__WHAT TO PRODUCE__
The whole listing that follows is to be restated word for word, images excluded.

__DATA SEGMENT__
-- Opening Marker --

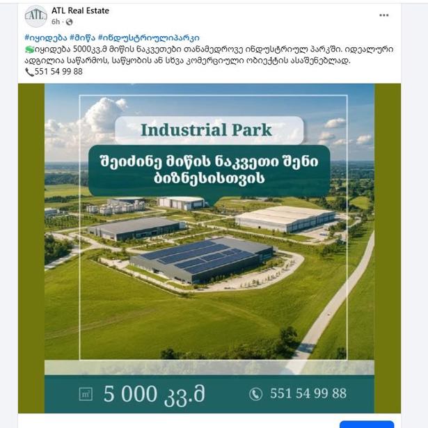 იყიდება ლილოდან ორ კილომეტრში, დიდ ინდუსტრიულ ზონაში მიწის ნაკვეთი. სადაც მიმდინარეობს საბაჟო ტერმინალების მშენებლობები, სასაწყობე და საწარმოო ფართების მშენებლობები, ფარმაცევტული კომპანიების საწყობები, შესაძლებელია კვადრატულობის მომატება.
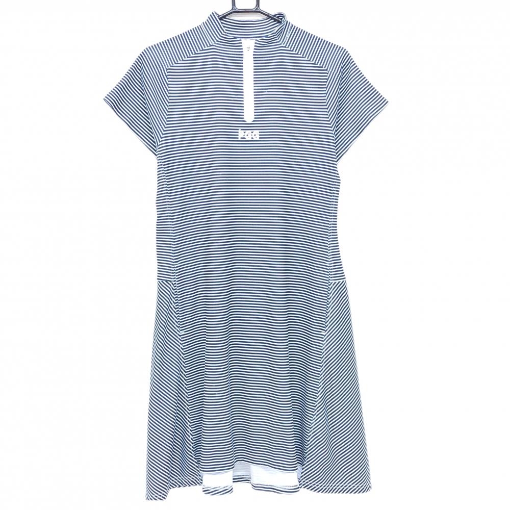 PGGパーリーゲイツ 半袖ハイネックワンピース ネイビー×白 ボーダー ハーフジップ レディース 1(M) ゴルフウェア PEARLY GATES
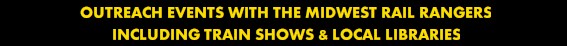 You can catch us at various Outreach Events, such as train shows for historical presentations. Some past appearances have included Trainfest in Milwaukee, Wisconsin... Mad City Rail in Madison, Wisconsin... and the Titletown Train Show in Green Bay, Wisconsin. We also partner with local libraries to host presentations and book signings about rail history. We are always looking for new outreach locations... so if you know of a great venue... let us know!

-- Closing Marker --

__TASK SOLUTION__
 იყიდება ლილოდან ორ კილომეტრში, დიდ ინდუსტრიულ ზონაში მიწის ნაკვეთი. სადაც მიმდინარეობს საბაჟო ტერმინალების მშენებლობები, სასაწყობე და საწარმოო ფართების მშენებლობები, ფარმაცევტული კომპანიების საწყობები, შესაძლებელია კვადრატულობის მომატება.
 PGGパーリーゲイツ 半袖ハイネックワンピース ネイビー×白 ボーダー ハーフジップ レディース 1(M) ゴルフウェア PEARLY GATES
 You can catch us at various Outreach Events, such as train shows for historical presentations. Some past appearances have included Trainfest in Milwaukee, Wisconsin... Mad City Rail in Madison, Wisconsin... and the Titletown Train Show in Green Bay, Wisconsin. We also partner with local libraries to host presentations and book signings about rail history. We are always looking for new outreach locations... so if you know of a great venue... let us know!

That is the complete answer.